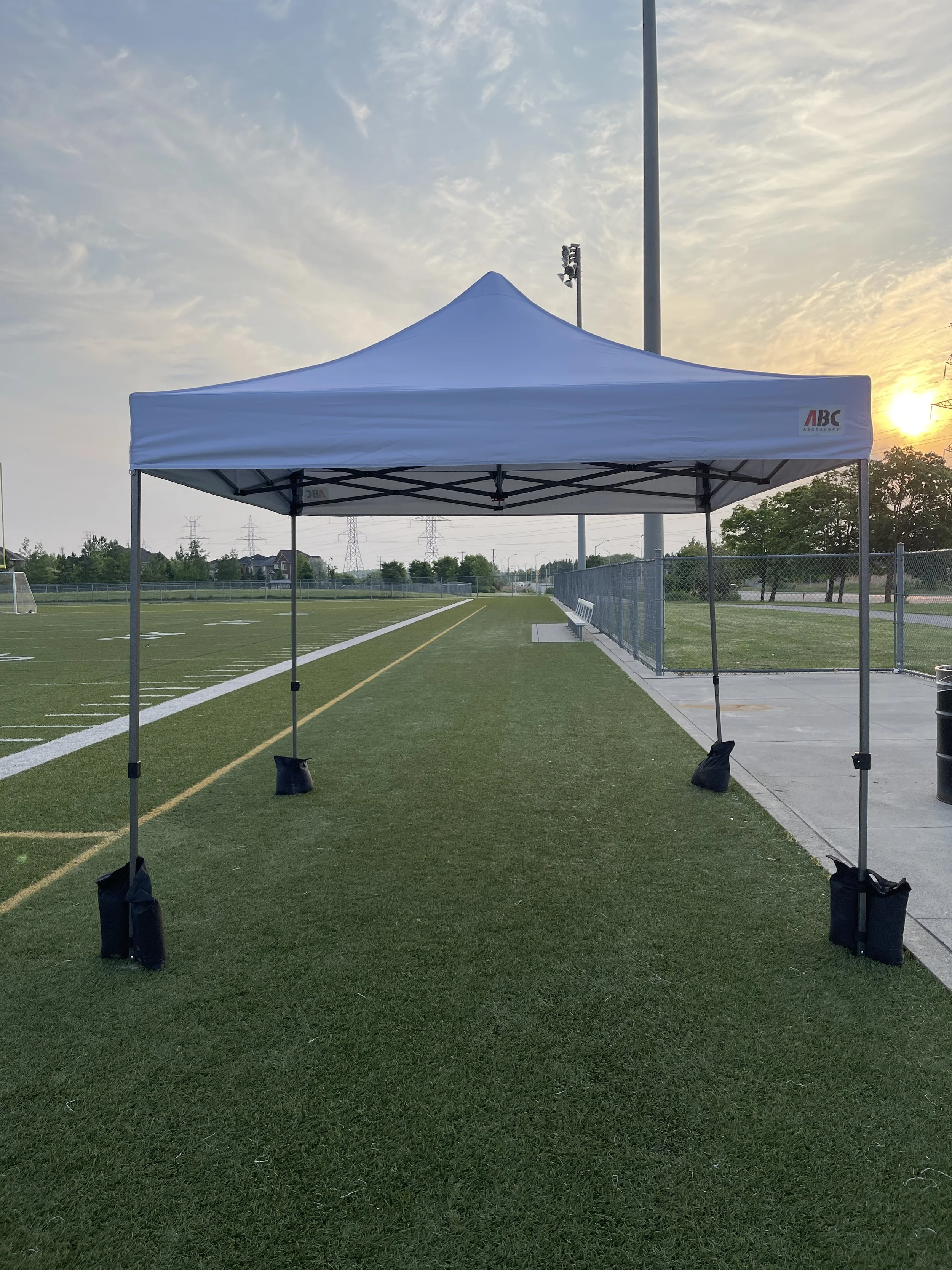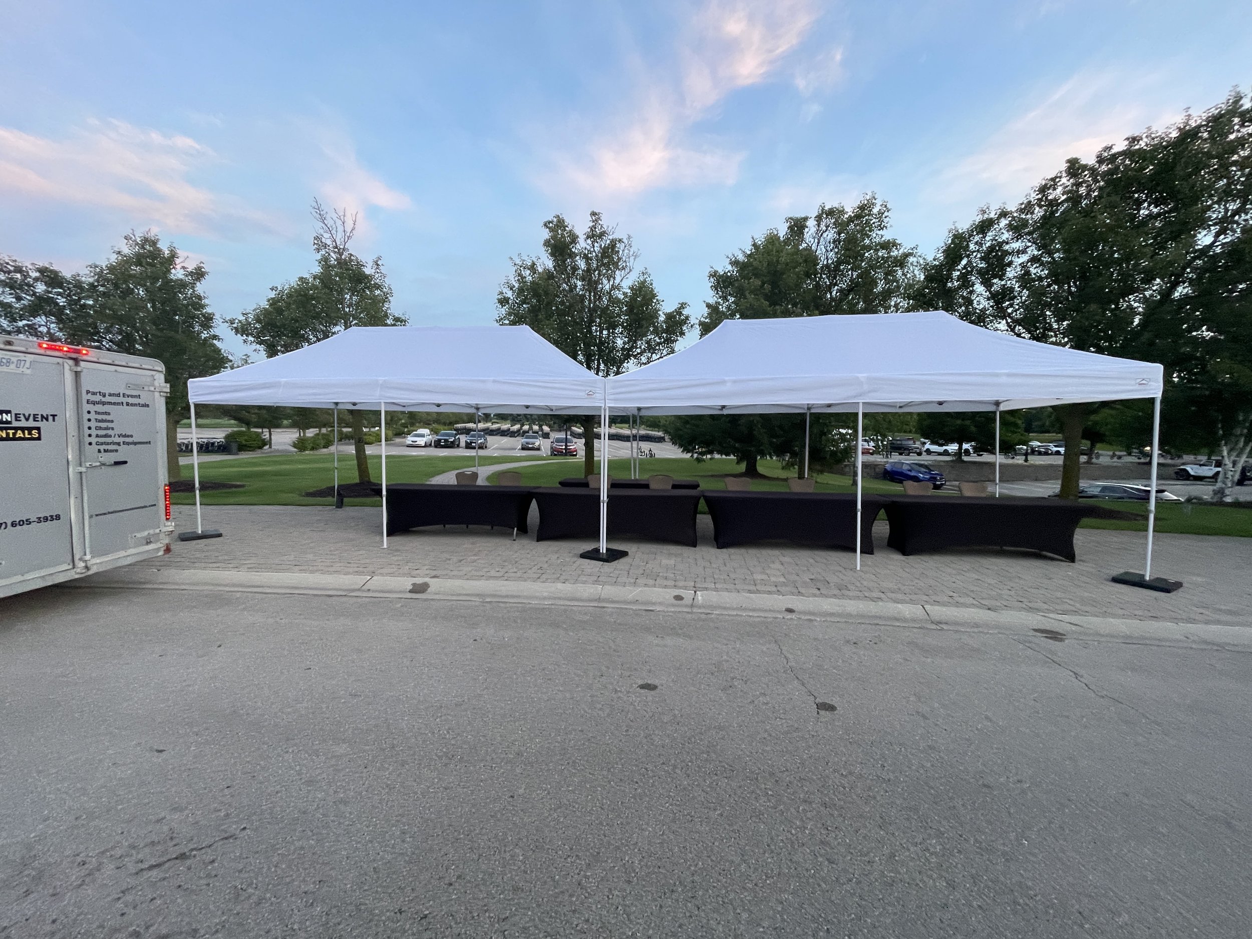 Add-ons: walls, sandbags/weights, banners, tables & chairs
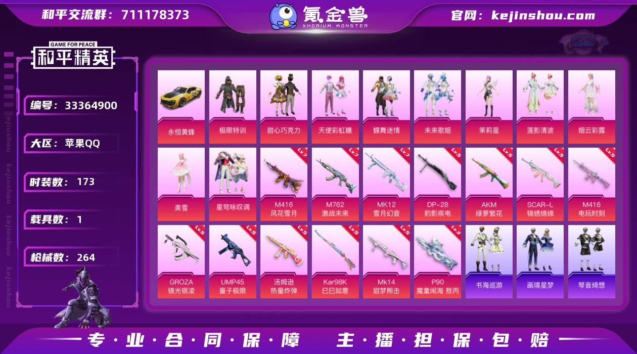 满级地铁苹果 手Q-10粉装-14特效枪-1载具-8粉色飞行器-85828热力值-15王牌印记-173套装-264枪皮 【热门品类】:套装-浪漫天命,套装-龟仙人,套装-糯粉咩咩,角色-Mark.06 【粉色套装】:粉装-极限特训,粉装-甜心巧克力,粉装-天使彩虹糖,粉装-蝶舞迷情,粉装-未来歌姬,角色-茉莉星,粉装-莲影清波,角色-烟云彩露,角色-美雪,粉装-星穹咏叹调 【粉色枪皮等级】:AKM-绿萝繁花(五级),SCAR-L-锦绣绵绵(五级),M416-风花雪月(七级),M416-电玩时刻(五级),GROZA-镜光银凌(五级),M762-激战未来(七级),UMP45-量子极限(五级),汤姆逊-热量炸弹(五级),AKS-74U-森灵之息(五级),P90-魔童闹海 敖丙(三级),Kar98K-巳巳如意(五级),Mk14-甜梦熊击(五级),MK12-雪月幻音(七级),DP-28-豹影疾电(五级) 【粉色载具】:永恒黄蜂 【粉色枪皮】:AKM-绿萝繁花,SCAR-L-锦绣绵绵,M416-风花雪月,M416-电玩时刻,GROZA-镜光银凌,M762-激战未来,UMP45-量子极限,汤姆逊-热量炸弹,AKS-74U-森灵之息,P90-魔童闹海 敖丙,Kar98K-巳巳如意,Mk14-甜梦熊击,MK12-雪月幻音,DP-28-豹影疾电 【粉色飞行器】:炫彩糖果飞行器,齐天大圣飞行器,天之羽翼飞行器,萌物绒绒飞行器,繁龙极客飞...
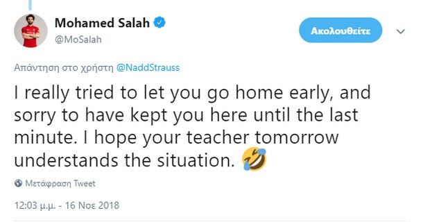 Ο μεγάλος σταρ της Αιγύπτου και της Λίβερπουλ έκανε το χρέος του, αλλά καθυστερημένα για τη μικρή θαυμάστριά του. Σκόραρε στο 90′ και χάρισε τη νίκη στην ομάδα του με 3-2! Έτσι, λίγες ώρες μετά θέλησε να απαντήσει στη μαθήτρια, γράφοντας χιουμοριστικά στον λογαριασμό του στο twitter:
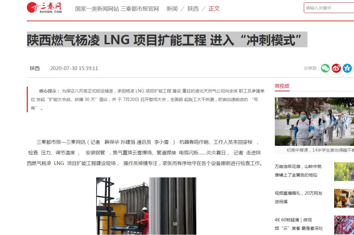 7月30日,三秦都市报-三秦网对陕西燃气杨凌 LNG 项目扩能工程进入冲刺模式进行报道,现摘录如下:三秦都市报—三秦网讯(记者 薛保华

EXERCISE DETAILS: Please leave the images out and retype the rest of the material exactly.

YOUR SOLUTION:
 Add-ons: walls, sandbags/weights, banners, tables & chairs
 满级地铁苹果 手Q-10粉装-14特效枪-1载具-8粉色飞行器-85828热力值-15王牌印记-173套装-264枪皮 【热门品类】:套装-浪漫天命,套装-龟仙人,套装-糯粉咩咩,角色-Mark.06 【粉色套装】:粉装-极限特训,粉装-甜心巧克力,粉装-天使彩虹糖,粉装-蝶舞迷情,粉装-未来歌姬,角色-茉莉星,粉装-莲影清波,角色-烟云彩露,角色-美雪,粉装-星穹咏叹调 【粉色枪皮等级】:AKM-绿萝繁花(五级),SCAR-L-锦绣绵绵(五级),M416-风花雪月(七级),M416-电玩时刻(五级),GROZA-镜光银凌(五级),M762-激战未来(七级),UMP45-量子极限(五级),汤姆逊-热量炸弹(五级),AKS-74U-森灵之息(五级),P90-魔童闹海 敖丙(三级),Kar98K-巳巳如意(五级),Mk14-甜梦熊击(五级),MK12-雪月幻音(七级),DP-28-豹影疾电(五级) 【粉色载具】:永恒黄蜂 【粉色枪皮】:AKM-绿萝繁花,SCAR-L-锦绣绵绵,M416-风花雪月,M416-电玩时刻,GROZA-镜光银凌,M762-激战未来,UMP45-量子极限,汤姆逊-热量炸弹,AKS-74U-森灵之息,P90-魔童闹海 敖丙,Kar98K-巳巳如意,Mk14-甜梦熊击,MK12-雪月幻音,DP-28-豹影疾电 【粉色飞行器】:炫彩糖果飞行器,齐天大圣飞行器,天之羽翼飞行器,萌物绒绒飞行器,繁龙极客飞...
 Ο μεγάλος σταρ της Αιγύπτου και της Λίβερπουλ έκανε το χρέος του, αλλά καθυστερημένα για τη μικρή θαυμάστριά του. Σκόραρε στο 90′ και χάρισε τη νίκη στην ομάδα του με 3-2! Έτσι, λίγες ώρες μετά θέλησε να απαντήσει στη μαθήτρια, γράφοντας χιουμοριστικά στον λογαριασμό του στο twitter:
 7月30日,三秦都市报-三秦网对陕西燃气杨凌 LNG 项目扩能工程进入冲刺模式进行报道,现摘录如下:三秦都市报—三秦网讯(记者 薛保华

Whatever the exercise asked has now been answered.